Vlog #009: Life, Art and Politics
It’s been a little over a month since I quit smoking entirely, and the difference has been immediate. My anxiety has gone down, my sleep is better than it’s been in years, and I’ve started dreaming again. I didn’t realize how much I missed that until it came back. I also have a lot more energy—enough that I’ve had to relearn what to do with it. Before, I’d smoke a joint to get myself moving or to reward myself afterward. Now I just do things. I clean, I do laundry, I walk, and I don’t have to organize my day around smoking.
Those walks have become a big part of this new routine. I’ll pick up a sweet corn or a ginger shot, maybe a kombucha, and just keep moving. I joke that it’s cheaper than weed, but it’s also grounding. Staying busy and outside has been the easiest way to stay sober. That led me to rethink one of my earlier event ideas—what I used to call the “Sober Pregame.” I’ve renamed it Mental Health Day Party. It fits better. It’s not about preparing for a night out; it’s about creating something social and positive that happens in daylight.

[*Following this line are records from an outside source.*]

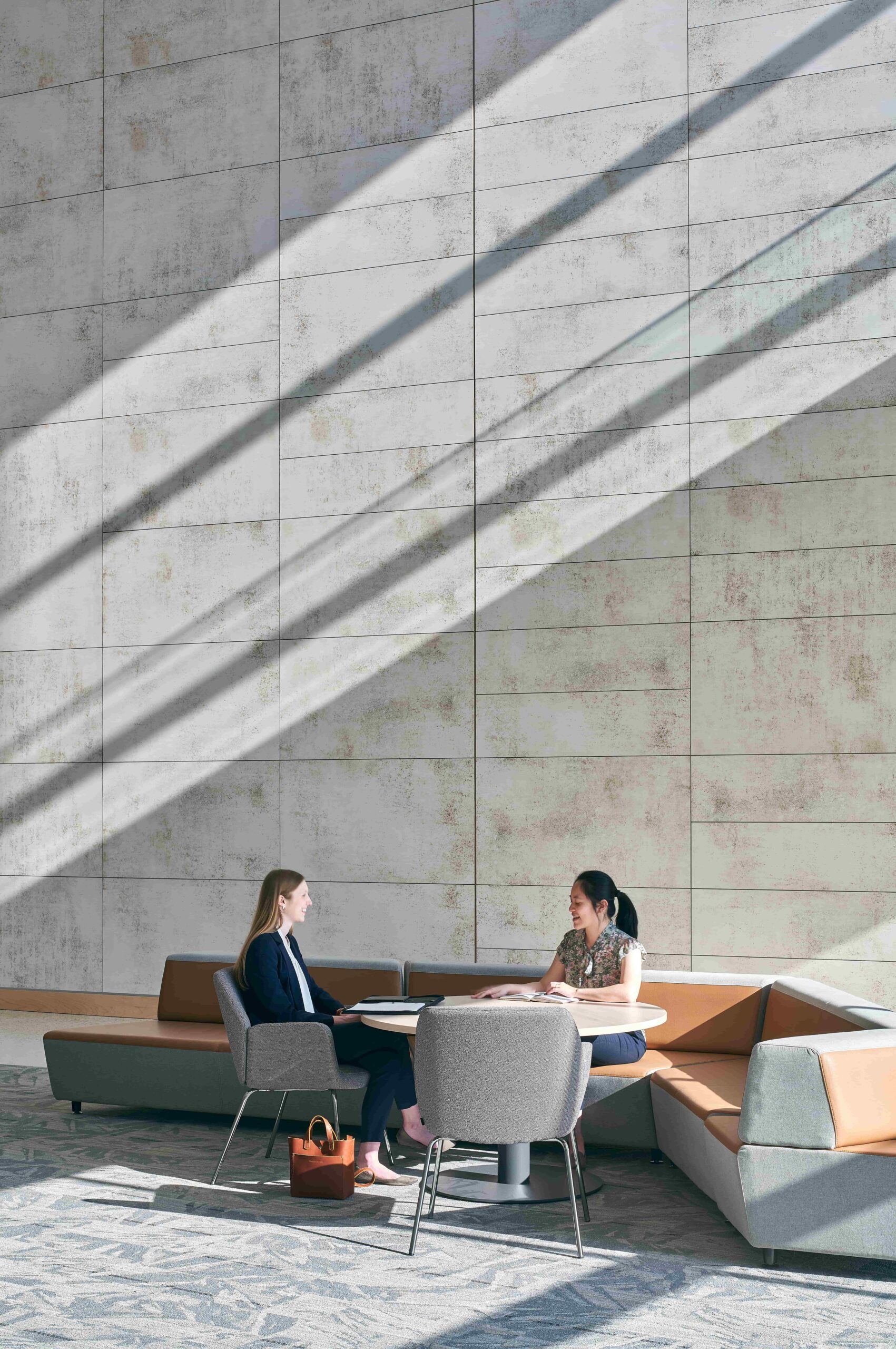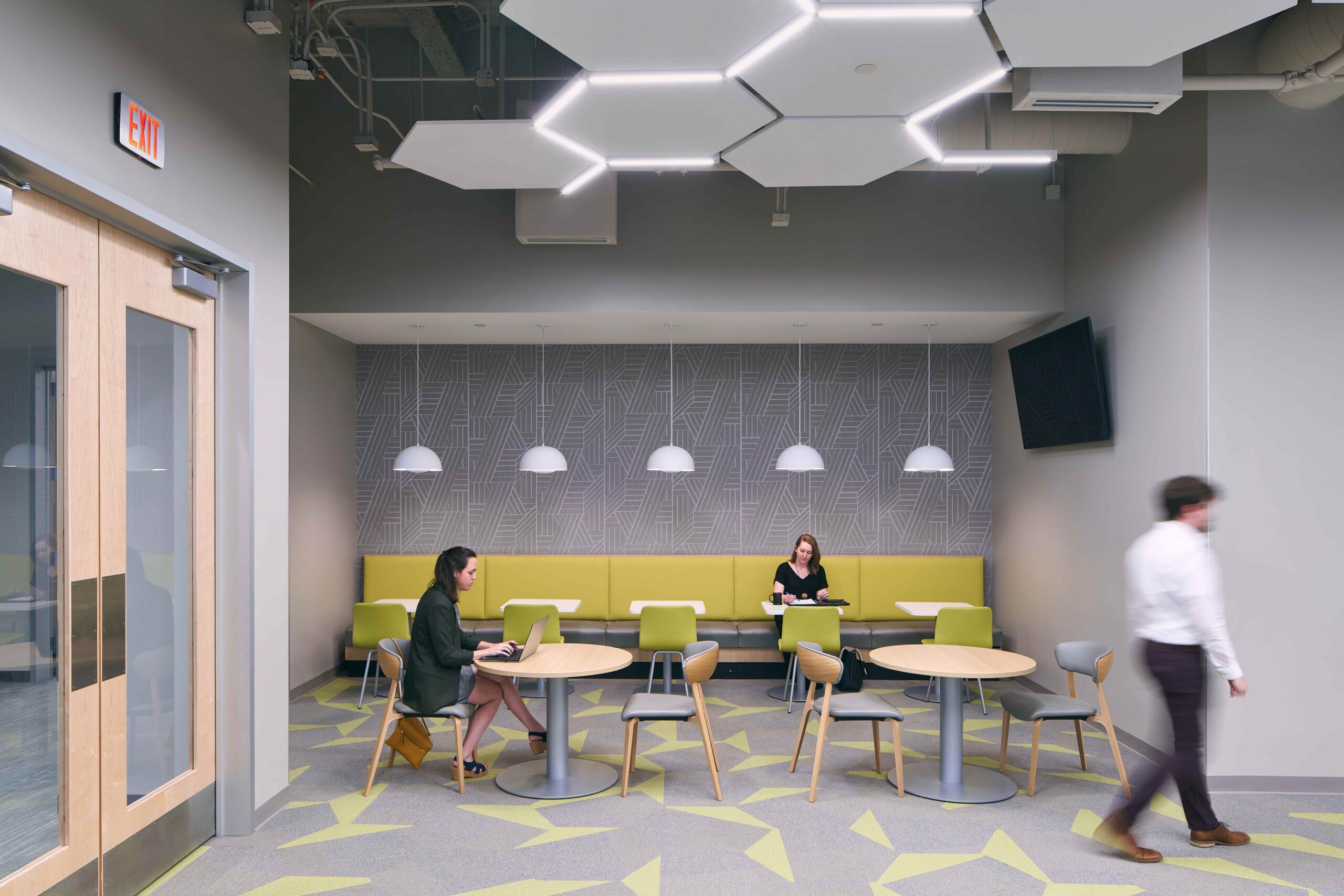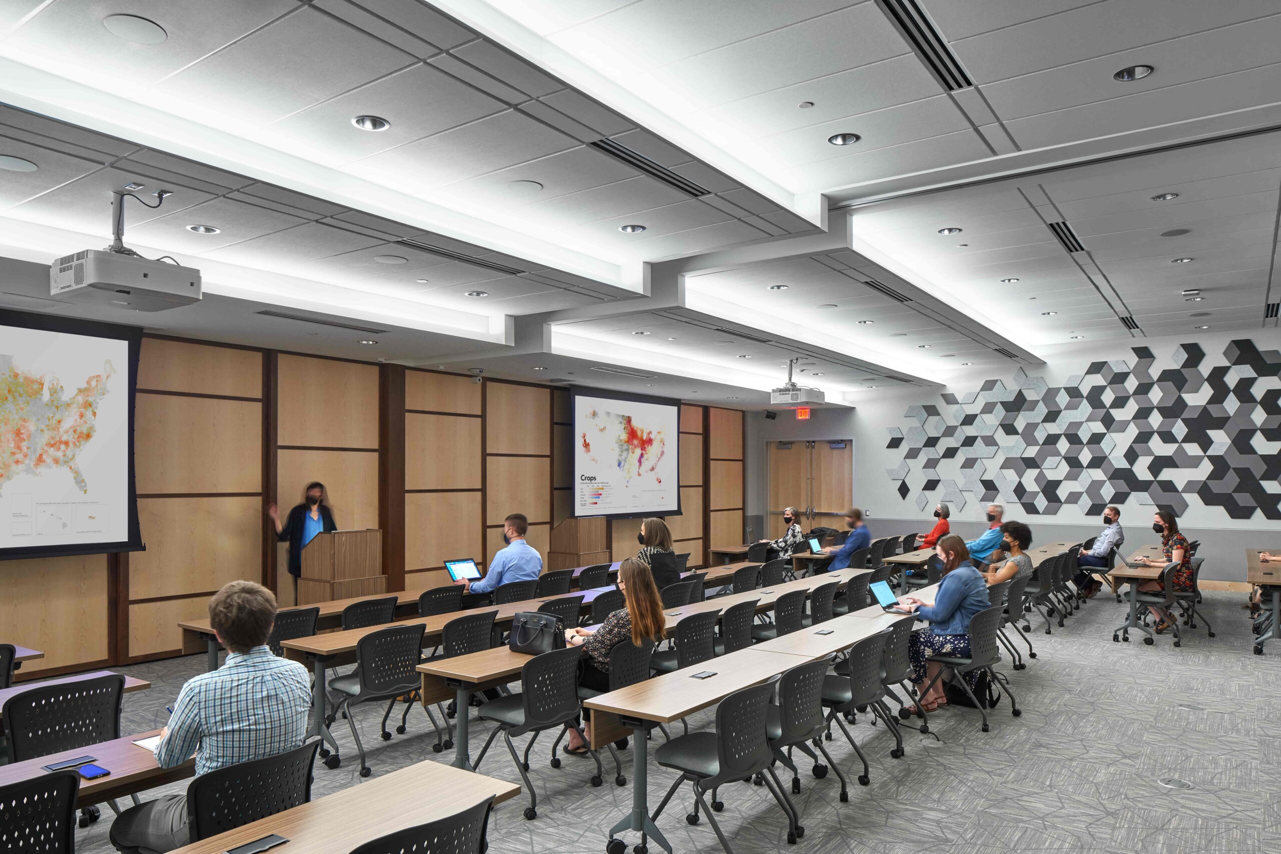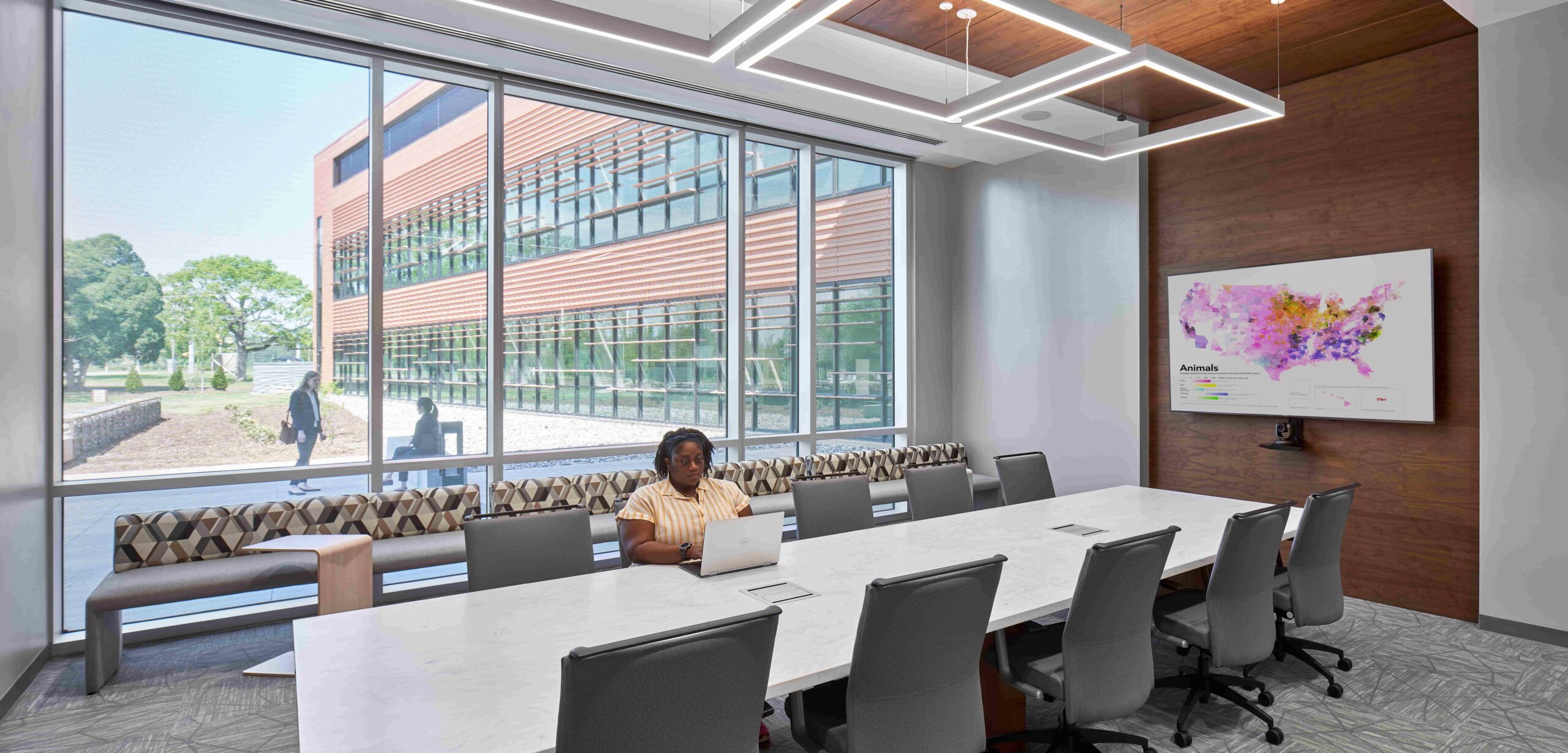 Considering the building program and the rich agricultural history of North Carolina, the team selected interior finishes inspired by an agrarian palette. Familiar plant colors and patterns paired with wood ceilings and other natural elements link occupants to local outdoor scenery.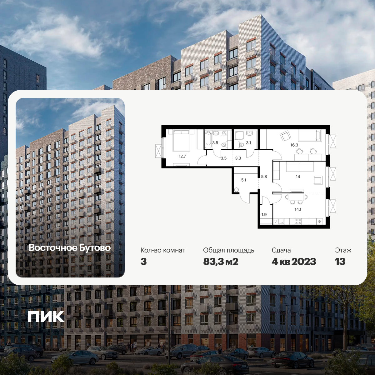 Трехкомнатные квартиры в Восточное Бутово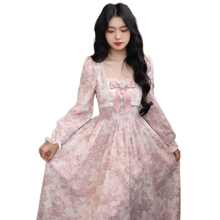法式甜美碎花长袖连衣裙女秋季感气质长裙收腰温柔风仙女裙子女装
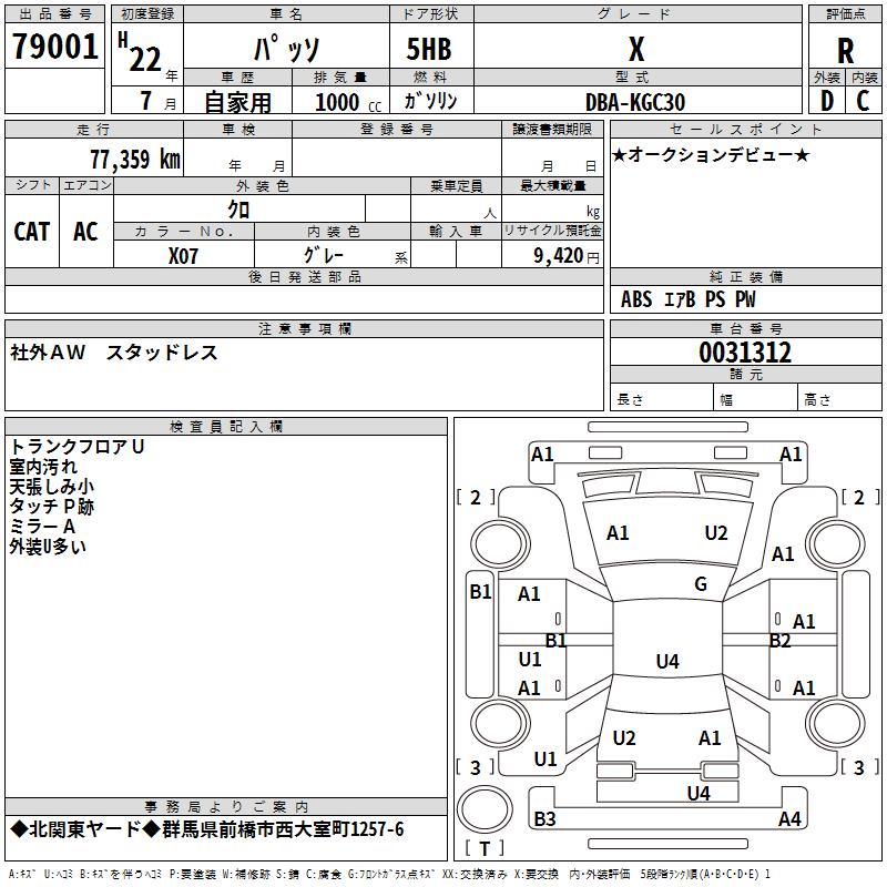 TOYOTA PASSO X - лот 79001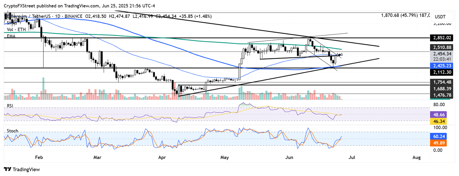 On the upside, ETH must clear the $2,500 and 200-day Simple Moving Average (SMA) resistance to test the symmetrical triangle's upper boundary and potentially the $2,850 key level.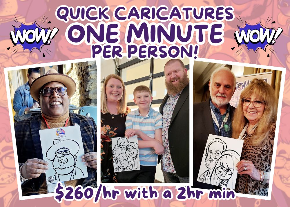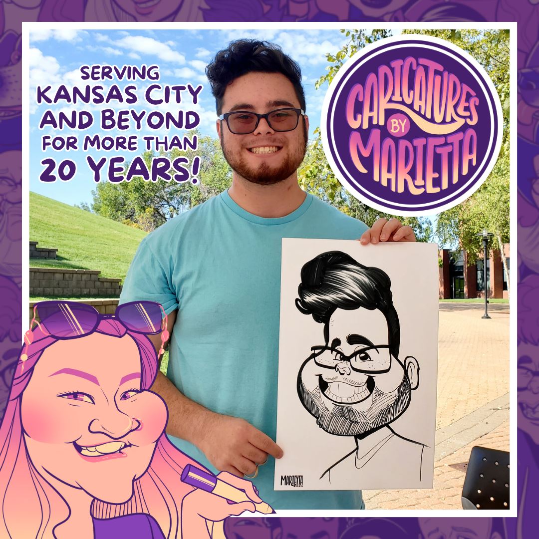 Marietta is one of Kansas City's go-to caricature artists, with clients ranging from Google to Walmart, IKEA to Nascar, and even the KC Chiefs, Royals, and Current! A full-time caricature artist for over 20 years, Marietta knows exactly what she's doing when she puts the marker to paper. Just a few minutes is all it takes to give your guests a beautiful memory of your event - one they'll love hanging on their wall for years to come! Marietta's gentle, easy-going personality means guests of all ages will be at ease with her - and her caricatures speak for themselves. With Marietta, your celebration is sure to be the event of the year! Let us know what Marietta can do for you!

There’s also been a creative breakthrough. This week I released my first album with vocals and lyrics, not just instrumentals or lofi work. It’s called Everyone Deserves Healthcare—a phrase that’s been following me all year. I first printed it on a t-shirt back in May, then shouted it on a dance floor later that month, and it stuck in my head as a lyric. Over the summer, I learned how to make tech house and started recording. By September, that lyric had turned into a song, and eventually into a full album that ties together themes of wellness, reflection, and care.
The message behind it is simple: people shouldn’t be punished for having a body. Access to healthcare—mental and physical—shouldn’t depend on wealth. The way things are now keeps people anxious and angry. I think that anger, combined with a sense of neglect, is part of why we’re seeing more polarization and violence in the country. When people feel abandoned by their government and pushed to desperation, it creates the conditions for radicalization. That’s what we’re seeing—isolated people, untreated, unwell, and angry enough to lash out.
If everyone had access to healthcare, especially mental healthcare, the temperature of the country would go down. People would feel supported, not punished for existing. I’ve said before that community is a form of care, and I believe that. As the year winds down, I’m focusing on ways to build that care from the ground up—through Mental Health Day Party, through Mental Health Dinner Party returning for the holidays, and through music that keeps the message alive.
That feels like the next step: staying sober, staying creative, and helping build a culture where people can connect, find support, and feel seen.